There is a striking similarity between VLSI placement and scheduling. Digital electronics circuits are built from “standard cells”, logic gates with a unique height. They are organized in rows, so that the power wires run between two rows of standard cells.
Tasks must be scheduled on machines so that they do not conflict, standard cells must be placed in rows so that they do not overlap. The only difference between scheduling tasks and placing logic gates is the cost function, generally more complex for placement than for scheduling.
Placement problems have never been formulated as scheduling problems: it is no surprise that there has been few communication between the fields, the journals and laboratories being separate and the goals completely different. But it seems to me that we can solve some placement subproblems using scheduling techniques.
Scheduling is the problem of assigning tasks to machines. They are constrained by their execution times, with independent costs for each task.
In standard cell placement, the cost is usually much more complicated: the wirelength involves distances between tasks, and cannot be expressed a a sum of independent task costs. However, for a given ordering of the cells in the rows, it is possible to find the corresponding optimal positions by using linear programming (more precisely, network flow). This gives us a simple optimization pass to use during placement but it is still a bit expensive.
Therefore, for standard cell placement as well as scheduling, researchers have considered the simpler problem where there is only one row or one machine, still with fixed ordering. The cost function is a sum of independent piecewise linear functions, and hopefully there are faster algorithms to solve the problem.
Fast algorithms for the ordered single row problem
Indeed, this problem is much easier to solve in practice. The clumping algorithm solves this problem in worst case quadratic time, and is usually much faster. The idea behind it is to add the cells at the end of the row and push it to the next pin until its placement is optimal: the final placement is optimal due to the convexity of the cost function.
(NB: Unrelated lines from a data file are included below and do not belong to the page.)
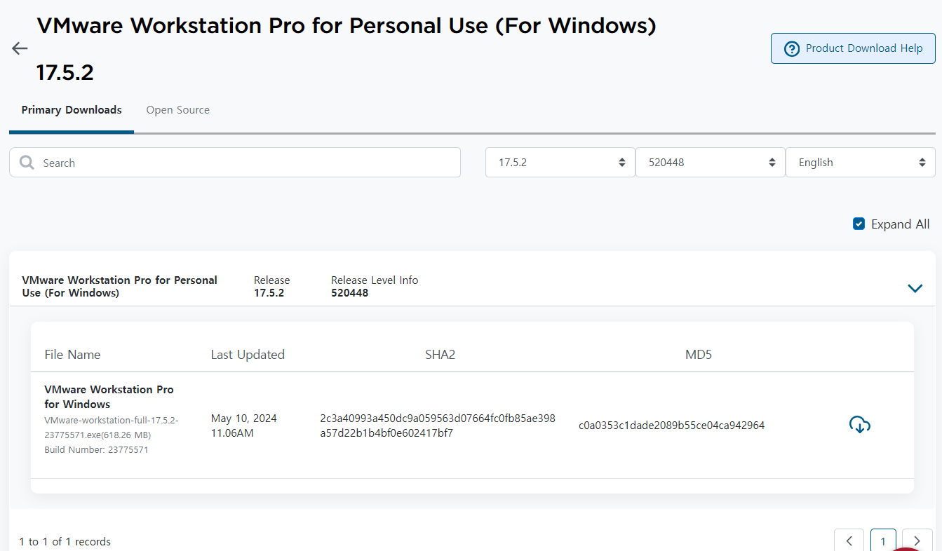 이에 따라 VMware를 다운로드 하는 방법이 변경됨.
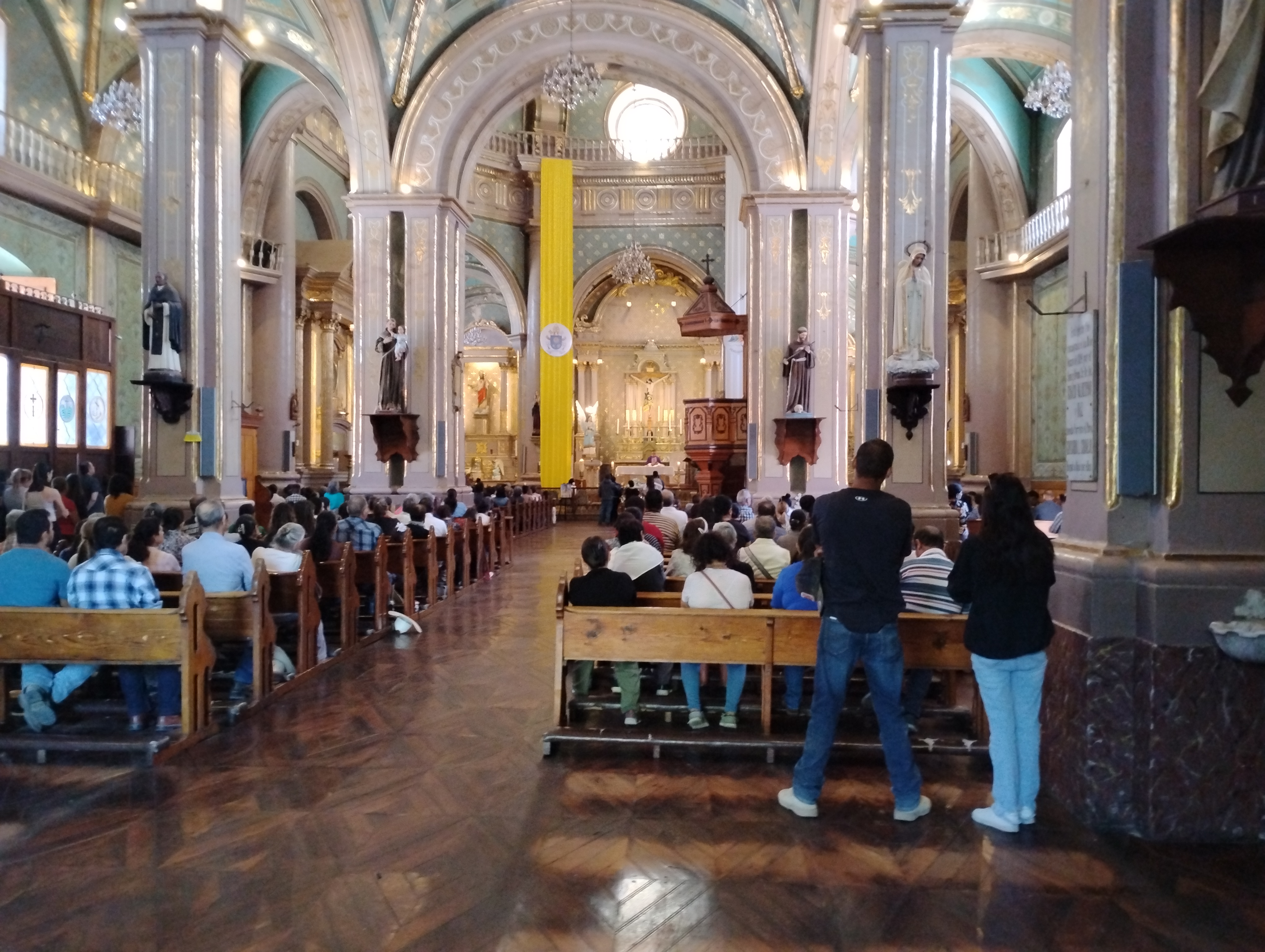 The beautiful baroque parish church has three magnificent domes adorned with frescoes. It is dedicated to the patron saint of the city, Lord of the Saltpeter. According to city legend a group of older adults saw a miraculous appearance of the Lord on the parish spot before the church was built around 200 years ago. The colors inside are gold, light pink, and light blue.
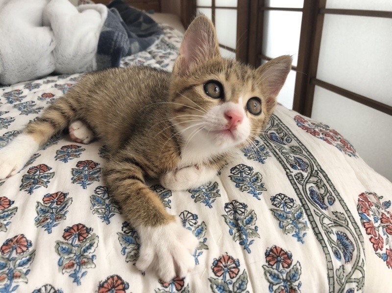 | 特徴(性格など) | 色柄【茶色がかったキジ白】 ●綺麗な模様の猫ちゃんでクリクリお目々がとっても愛らしいです。 ●人間に慣れていて、社会性もあり先住猫達とも仲良くできています。 ●お利口さんで初めて猫ちゃんを迎える方にピッタリだと思います。 ●一緒に寝るのが大好きな甘えん坊です♡ ●撫でられるの大好き♡ ●もちろん遊ぶのも大好きで一生懸命おもちゃで遊びます♡ 1人遊びも上手にできます^_^ |
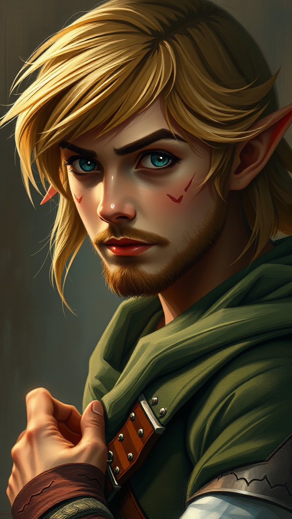 An award-winning poster featuring Link from The Legend of Zelda, depicted in a fantasy ambiance. The image showcases Link in a modelshoot style, rendered as a professional, majestic oil painting inspired by the works of Ed Blinkey, Atey Ghailan, Studio Ghibli, Jeremy Mann, Greg Manchess, and Antonio Moro. The artwork, trending on ArtStation and CGSociety, exudes an intricate, high-detail composition with sharp focus. It presents a dramatic, photorealistic depiction of Link, capturing his heroic essence. His facial features are distinct, with a touch of ruggedness, featuring subtle facial hair and a beard. The painting’s high resolution ensures clarity and depth, avoiding any artifacts or distortions. Creative modifications include a unique yet harmonious fusion of masculine and feminine elements in Link's portrayal, subtly enhancing his dynamic persona without deviating from the iconic character.
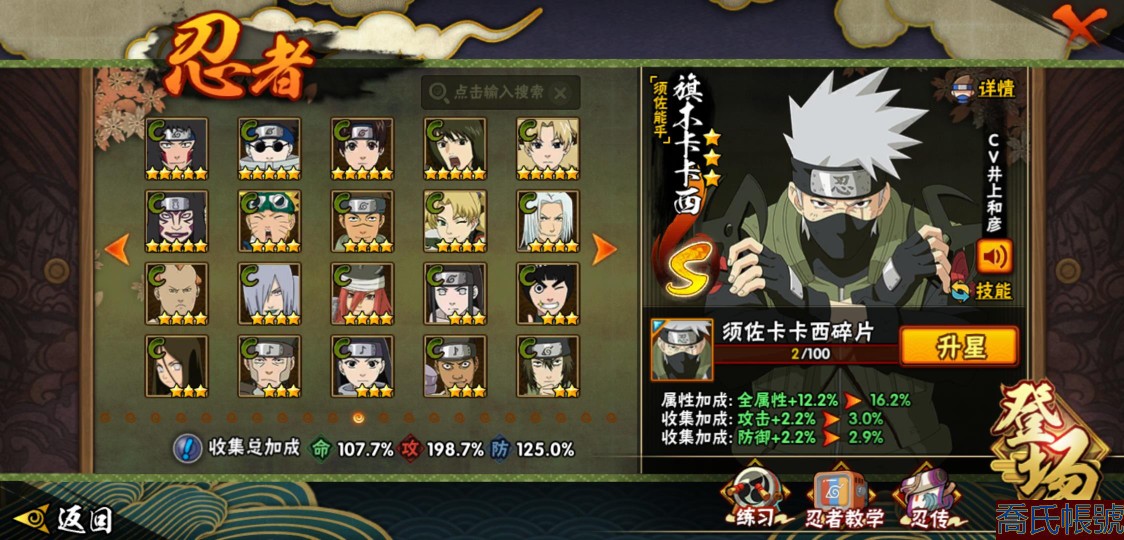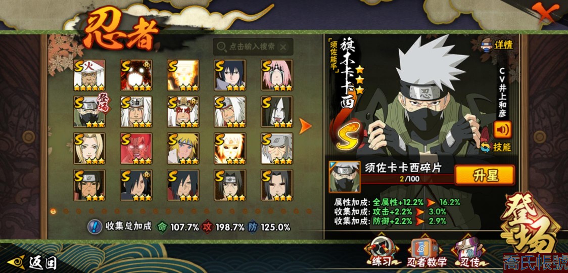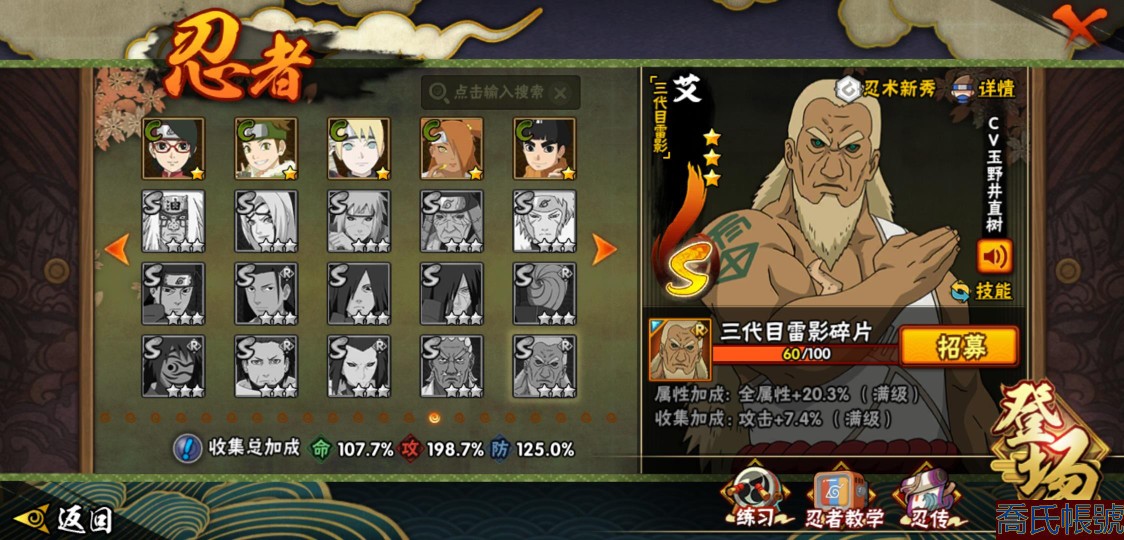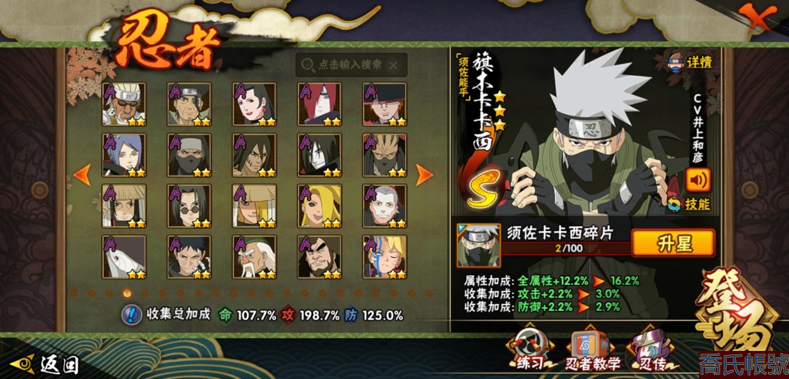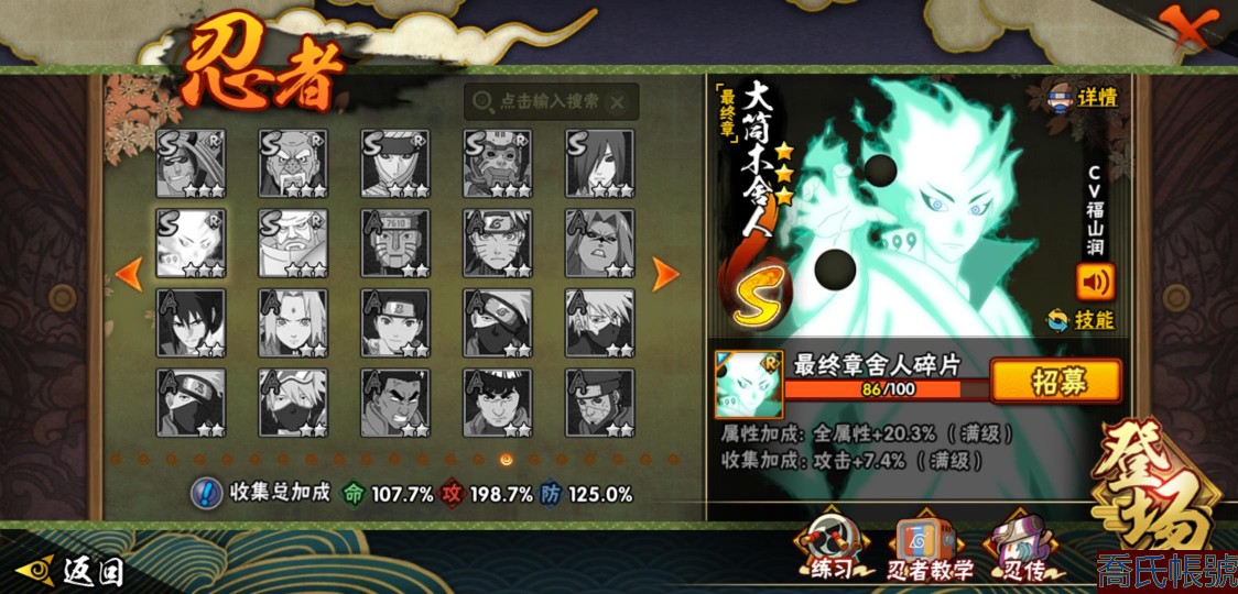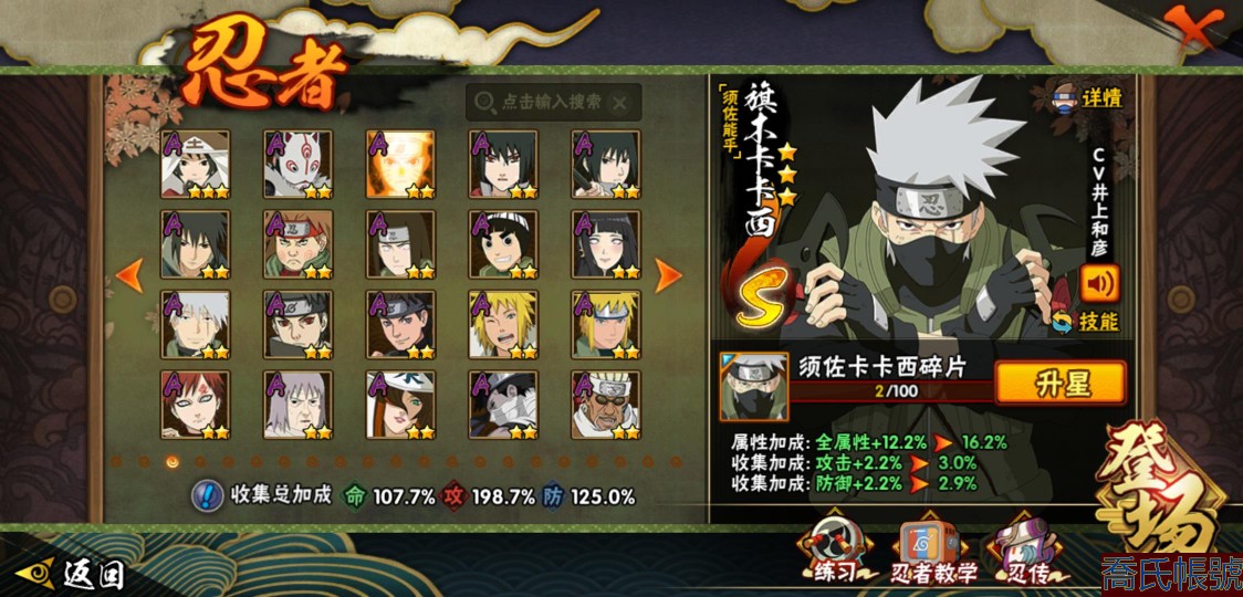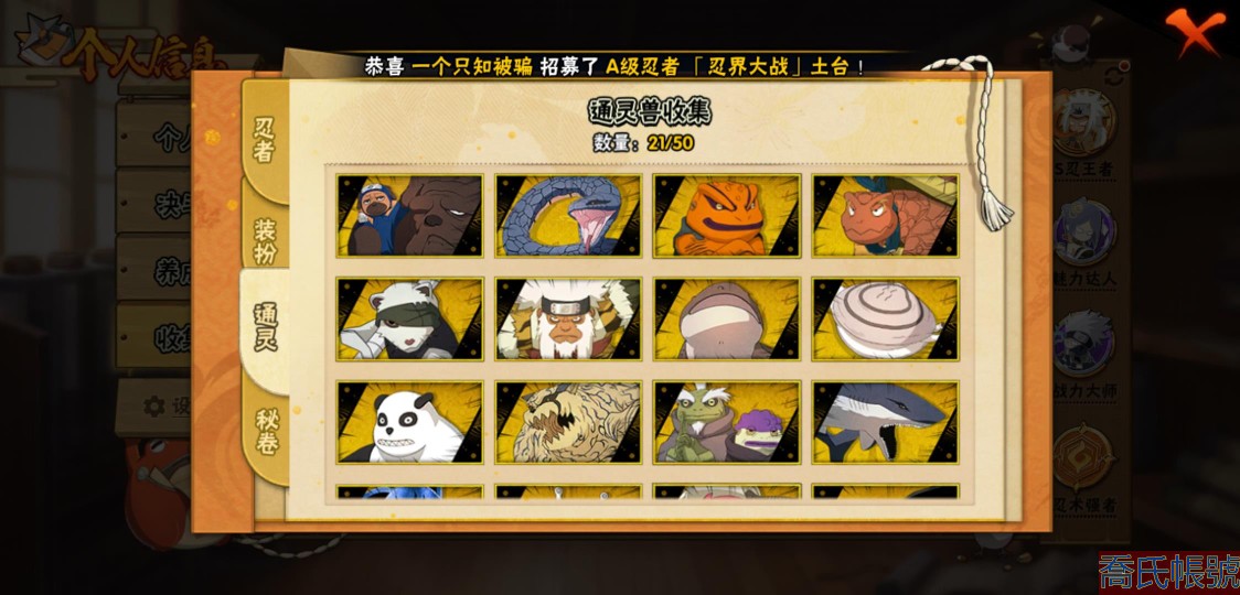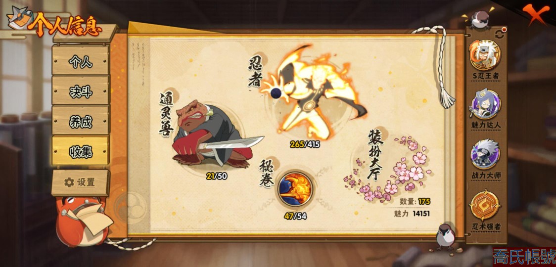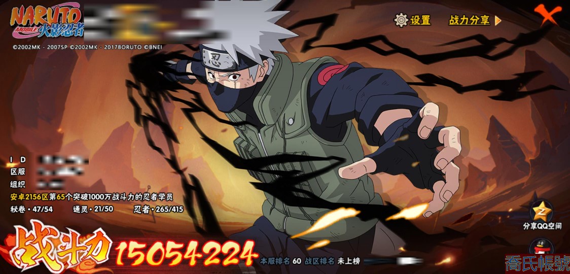 【OBHXDNK958542】戰鬥力:1505W+;段位:暗部2階;本服排名:60;戰區排名:未上榜;VIP12級;S忍32個;A忍50個;通靈獸21個;S忍:猿飛日斬(5星),暴怒第六尾漩渦鳴人,九喇嘛連結漩渦鳴人,永恆萬花筒宇智波佐助,忍界大戰春野櫻,須佐能乎旗木卡卡西,自來也,舞之豪傑自來也,傳說中的三忍自來也,大蛇丸,綱手,死門邁特凱,波風水門,九喇嘛連結波風水門,穢土轉生千手扉間,穢土轉生千手柱間,木葉創立宇智波斑,穢土轉生解宇智波斑,須佐能乎宇智波鼬,穢土轉生宇智波鼬,須佐能乎宇智波止水,神秘面具男,白面具宇智波斑,忍界大戰宇智波帶土,四代目風影羅砂,二代目水影鬼燈幻月,忍界大戰艾,忍界大戰大野木,天道佩恩,超佩恩天道,仙人模式藥師兜,大筒木桃式;A忍:邁特凱(5星),猿飛阿斯瑪(5星),蠍(5星),幹柿鬼鮫(5星),疾風傳我愛羅(4星),飛段(4星),青年艾(3星),死司憑血飛段(3星),四代目土影黑土(3星),忍者之路神秘面具男,九尾查克拉漩渦鳴人,萬花筒寫輪眼宇智波佐助,須佐能乎宇智波佐助,宇智波泉奈,忍界大戰秋道丁次,忍界大戰日向寧次,忍界大戰李洛克,最終章日向雛田,幻之真容旗木卡卡西,宇智波止水,火影繼承人猿飛日斬,新春限定波風水門,青年波風水門,忍界大戰我愛羅,近松十人衛千代,五代目水影照美冥,穢土轉生桃地再不斬,奇拉比,忍界大戰奇拉比,忍界大戰土臺,不緣,青年長門,漂泊浪客佩恩六道,小南,曉創生角都,穢土轉生角都,曉大蛇丸,緋流琥蠍,宇智波鼬,新春限定宇智波鼬,迪達拉,穢土轉生迪達拉,惡靈之影飛段,暴怒宇智波帶土,漂泊浪客宇智波帶土,俠隱江湖大野木,羈絆神農,桃式顯現漩渦博人,六代目水影長十郎,五代目雷影達魯伊;通靈獸:忍犬,藍蛇,蛤蟆吉,忍龜,鐮鼬,猿魔,山椒魚,蜃,熊貓,砂之守鶴,蛤蟆仙人,鮫鯊,二尾又旅,蛞蝓,蛤蟆健,烏鴉,蛤蟆龍,蛤蟆廣,,夢貘,鷹;時裝:百戰大蛇丸,百戰宇智波鼬須佐能乎,狂野鮫鯊幹柿鬼鮫,桀驁之刃猿飛阿斯瑪,百戰波風水門,百戰佩恩天道,蜀面豪傑舞之豪傑自來也,太極靈韻日向花火武當宗師,龍的傳人李洛克截拳宗師,編織虛實宇智波鼬,緋櫻綻放春野櫻百豪,剎那的藝術迪達拉,傳說的光芒波風水門,風之守護我愛羅忍界大戰,菁英忍者旗木卡卡西少年,烈土霓裳黑土四代目土影,驚雷掠影達魯伊五代目雷影,憤怒的伊始宇智波帶土暴怒,紅月映雪宇智波鼬新春限定,血霧怪人幹柿鬼鮫,飛瀑流泉長十郎六代目水影,熊貓少女天天峨眉宗師,水之妖姬照美冥五代目水影;【2156】沒時間玩 出號了

This quadratic worst case complexity is annoying: several publications managed to improve this runtime up to m log² m where m is the number of pins. However, the datastructures involved are a special type of balanced trees, both slow and difficult to code.
I discovered a simpler m log n algorithm based on a priority queue, but by chance I found out that it is already known for scheduling, as the specialized cascading descent algorithm. The cascading descent is equivalent to the clumping algorithm. The basic idea is to index the pins with a value that does not depend on the cell: this way, merging groups of cells takes constant time. The algorithm uses a single priority queue to hold the pins, hence its better complexity.
Applications to VLSI placement
It isn’t a breakthrough: even naive linear programming is fast enough to optimize a large part of a circuit, so that this improvement might be barely noticeable compared with approximate or quadratic algorithms.
However, there are two extensions that may prove particularly useful: local search and non-convex optimization.
Local search is the process of modifying the placement through simple modifications, like cell swapping. One of my goals is to modify the algorithm in order to support online placement modification with logarithmic complexity. That is, keep an optimal placement through small ordering modifications.
Non-convex optimization is trickier. There can be several local optimas, which makes most such problems extremely difficult. For the special structure of the ordered single row problem, however, there are quadratic algorithms. It means that we can integrate more complex cost functions directly in the ordered single row optimization, for example cell orientation.
Both ideas are relatively new: cell swapping, orientation and position optimization are almost always separate steps (although it is possible, even integer programming models in the litterature do not integrate all of them). I wonder how these methods will play compared to independent optimization passes.